## The task
Omitting the images, transcribe the records below exactly as they stand.

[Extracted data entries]
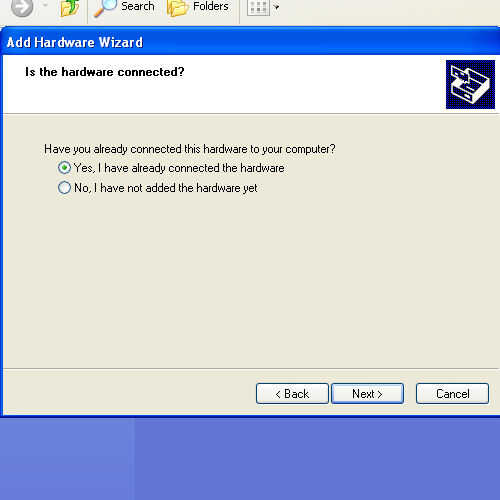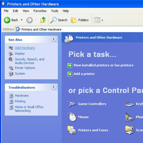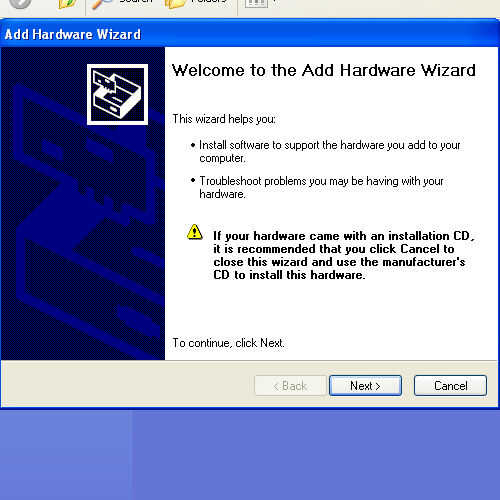 ahora en "impresoras y otro hardware", haga clic en la columna de la izquierda otra vez clic en "agregar hardware". entonces un testamento de asistente pop-up, haga clic en siguiente. buscará un nuevo hardware conectado al ordenador, pero no encontrará uno.
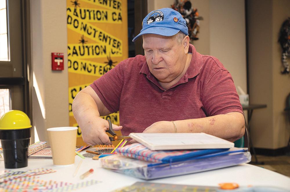 Clem McLay’s hands are busy. He is at Marana’s Senior Center, weaving narrow strips of colorful paper. Twenty-five min utes later he has a bookmark.
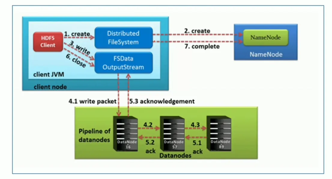 step4:客户端写入数据时,将数据分为一个个数据包(packet 默认64k),内部组件datastreamer请求NameNode挑选出适合存储数据的一组datanode地址,默认是3副本存储
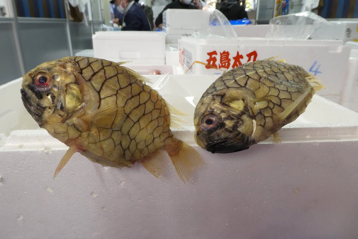 【マツカサウオ】硬くて大きなウロコに覆われ、背びれと腹びれには強大なトゲがあります。名前の通り、その姿は松ぼっくり(松かさ)のよう。下あごには1対の発光器があり、青白色に弱く発光。うきぶくろから音も出します。写真は和歌山県産。調理の際ウロコに難儀しますが、刺身や焼き物などで。
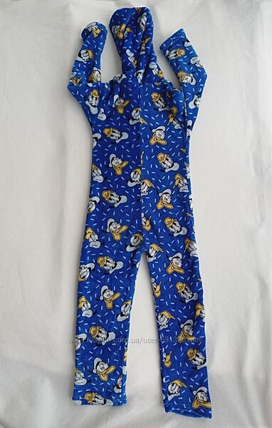 Пропоную теплу махрову піжаму-сліп з качкою Дональд Дак. Матеріал велсофт, двобічний, пухнастий і м´який, але тонкий. Вживана акуратно, стан дуже добрий, дефектів немає, дивіться фото.Розмір вказано на 7-8 років, довжина від плеча до промежини 55 см, до низу 104 см, ширина плечей 31 см, довжина рукава від плеча 41 см, ширина грудей під пахвами 32 см.
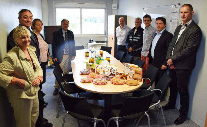 La visite de la pâtisserie industrielle LES COMTES DE LA MARCHE, guidée par M. Éric LAVERGNE, a réuni, autour des Sénateurs, Mmes Armelle MARTIN et Françoise SIMON, suppléantes des Sénateurs, M. Cyril VICTOR et M. François RIVA, Président et vice-président de la Communauté de communes du Carrefour des Quatre Provinces et M. Michaël JOUANNETON, Maire de La Celle sous Gouzon.
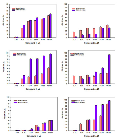 When studying the effect of compounds 1–6 on the ability to inhibit the biofilm formation by Gram-positive bacteria S. aureus, it was noted that compounds 3, 4, and 6 have the most pronounced inhibitory activity at a concentration of 100 μM, in the case of which the formation of biofilms is almost absent. A high level of inhibition of biofilm formation in the case of substances 3 and 6 is kept up to concentrations of 12.5 and 25 μM, respectively. When substance 4 is diluted twice, its effect on biofilm formation is halved. Compound 1 inhibits the biofilm formation at concentrations of 12.5–100 μM by 50–70%, respectively. Compounds 2 and 5 at a concentration of 100 µM inhibited biofilm formation by 30%.
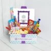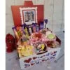 The hamper contains 36 different types of sweets, all individually packaged in sweetie bags. It comes presented in a hand made wicker basket.
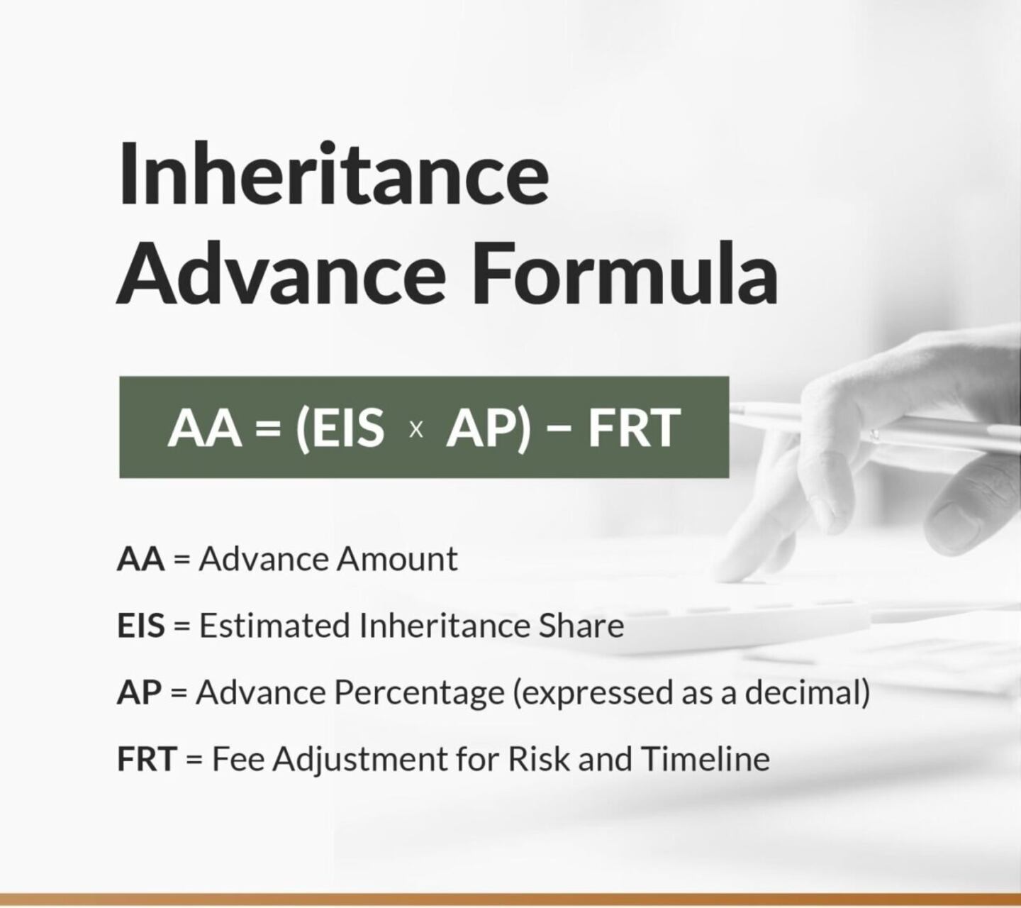 The fee is expressed as a percentage of the inheritance. Inheritance advance companies do not use a publicly shared, fixed formula like how banks use a loan calculator, but you can follow this basic formula:
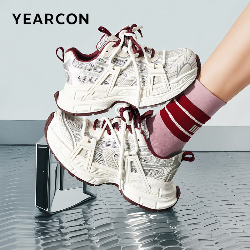 意尔康女鞋2025新款秋季老爹鞋女厚底增高休闲鞋百搭运动鞋子时尚
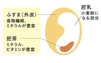 通常の小麦粉には「胚乳」の部分しか使われないのに対して、「外皮(ふすま)」や「胚芽」の部分も合わせた粉を「全粒粉」と言います。
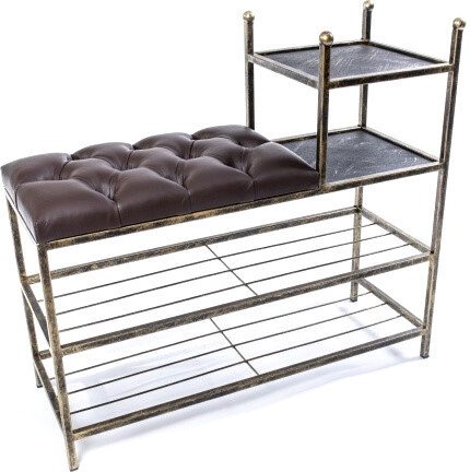 металл, обивка: ткань, полка для обуви, 74x30x80 см, цвет: золотистый/черный
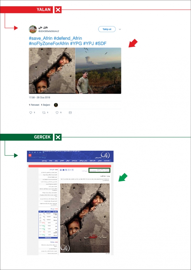 Doğu Gutalı çocukları Afrinli gibi gösteren terör destekçisi hesaplar, AA İstanbul Photo Awards 2016'da birinci olan fotoğrafı da Afrin'de çekilmiş gibi paylaşmış, Şırnak'ta 2007'de şehit olan korucu ve sivillerin cenaze töreninine ilişkin fotoğrafı ise "Afrin'de Türk askerleri öldürüldü" yalanıyla servis etmişti.
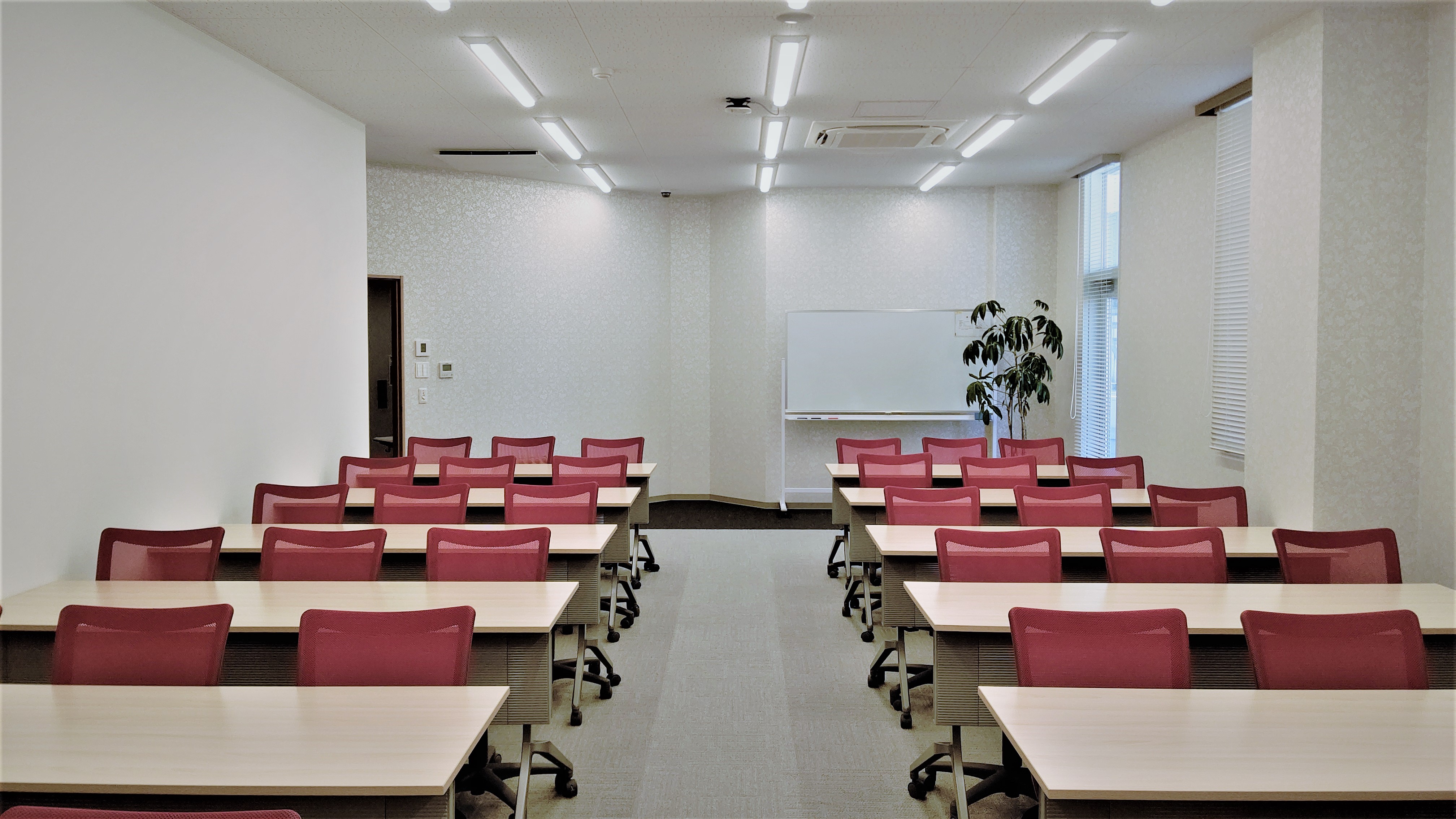 36名 (3名掛) スクール形式が標準レイアウトのお部屋となります。セミナー、勉強会、研修、講習会、会議ほか、毎年研修での長期利用実績多数あり、幅広い用途でお貸出し可能です。

## Answer space
 ahora en "impresoras y otro hardware", haga clic en la columna de la izquierda otra vez clic en "agregar hardware". entonces un testamento de asistente pop-up, haga clic en siguiente. buscará un nuevo hardware conectado al ordenador, pero no encontrará uno.
 Clem McLay’s hands are busy. He is at Marana’s Senior Center, weaving narrow strips of colorful paper. Twenty-five min utes later he has a bookmark.
 step4:客户端写入数据时,将数据分为一个个数据包(packet 默认64k),内部组件datastreamer请求NameNode挑选出适合存储数据的一组datanode地址,默认是3副本存储
 【マツカサウオ】硬くて大きなウロコに覆われ、背びれと腹びれには強大なトゲがあります。名前の通り、その姿は松ぼっくり(松かさ)のよう。下あごには1対の発光器があり、青白色に弱く発光。うきぶくろから音も出します。写真は和歌山県産。調理の際ウロコに難儀しますが、刺身や焼き物などで。
 Пропоную теплу махрову піжаму-сліп з качкою Дональд Дак. Матеріал велсофт, двобічний, пухнастий і м´який, але тонкий. Вживана акуратно, стан дуже добрий, дефектів немає, дивіться фото.Розмір вказано на 7-8 років, довжина від плеча до промежини 55 см, до низу 104 см, ширина плечей 31 см, довжина рукава від плеча 41 см, ширина грудей під пахвами 32 см.
 La visite de la pâtisserie industrielle LES COMTES DE LA MARCHE, guidée par M. Éric LAVERGNE, a réuni, autour des Sénateurs, Mmes Armelle MARTIN et Françoise SIMON, suppléantes des Sénateurs, M. Cyril VICTOR et M. François RIVA, Président et vice-président de la Communauté de communes du Carrefour des Quatre Provinces et M. Michaël JOUANNETON, Maire de La Celle sous Gouzon.
 When studying the effect of compounds 1–6 on the ability to inhibit the biofilm formation by Gram-positive bacteria S. aureus, it was noted that compounds 3, 4, and 6 have the most pronounced inhibitory activity at a concentration of 100 μM, in the case of which the formation of biofilms is almost absent. A high level of inhibition of biofilm formation in the case of substances 3 and 6 is kept up to concentrations of 12.5 and 25 μM, respectively. When substance 4 is diluted twice, its effect on biofilm formation is halved. Compound 1 inhibits the biofilm formation at concentrations of 12.5–100 μM by 50–70%, respectively. Compounds 2 and 5 at a concentration of 100 µM inhibited biofilm formation by 30%.
 The hamper contains 36 different types of sweets, all individually packaged in sweetie bags. It comes presented in a hand made wicker basket.
 The fee is expressed as a percentage of the inheritance. Inheritance advance companies do not use a publicly shared, fixed formula like how banks use a loan calculator, but you can follow this basic formula:
 意尔康女鞋2025新款秋季老爹鞋女厚底增高休闲鞋百搭运动鞋子时尚
 通常の小麦粉には「胚乳」の部分しか使われないのに対して、「外皮(ふすま)」や「胚芽」の部分も合わせた粉を「全粒粉」と言います。
 металл, обивка: ткань, полка для обуви, 74x30x80 см, цвет: золотистый/черный
 Doğu Gutalı çocukları Afrinli gibi gösteren terör destekçisi hesaplar, AA İstanbul Photo Awards 2016'da birinci olan fotoğrafı da Afrin'de çekilmiş gibi paylaşmış, Şırnak'ta 2007'de şehit olan korucu ve sivillerin cenaze töreninine ilişkin fotoğrafı ise "Afrin'de Türk askerleri öldürüldü" yalanıyla servis etmişti.
 36名 (3名掛) スクール形式が標準レイアウトのお部屋となります。セミナー、勉強会、研修、講習会、会議ほか、毎年研修での長期利用実績多数あり、幅広い用途でお貸出し可能です。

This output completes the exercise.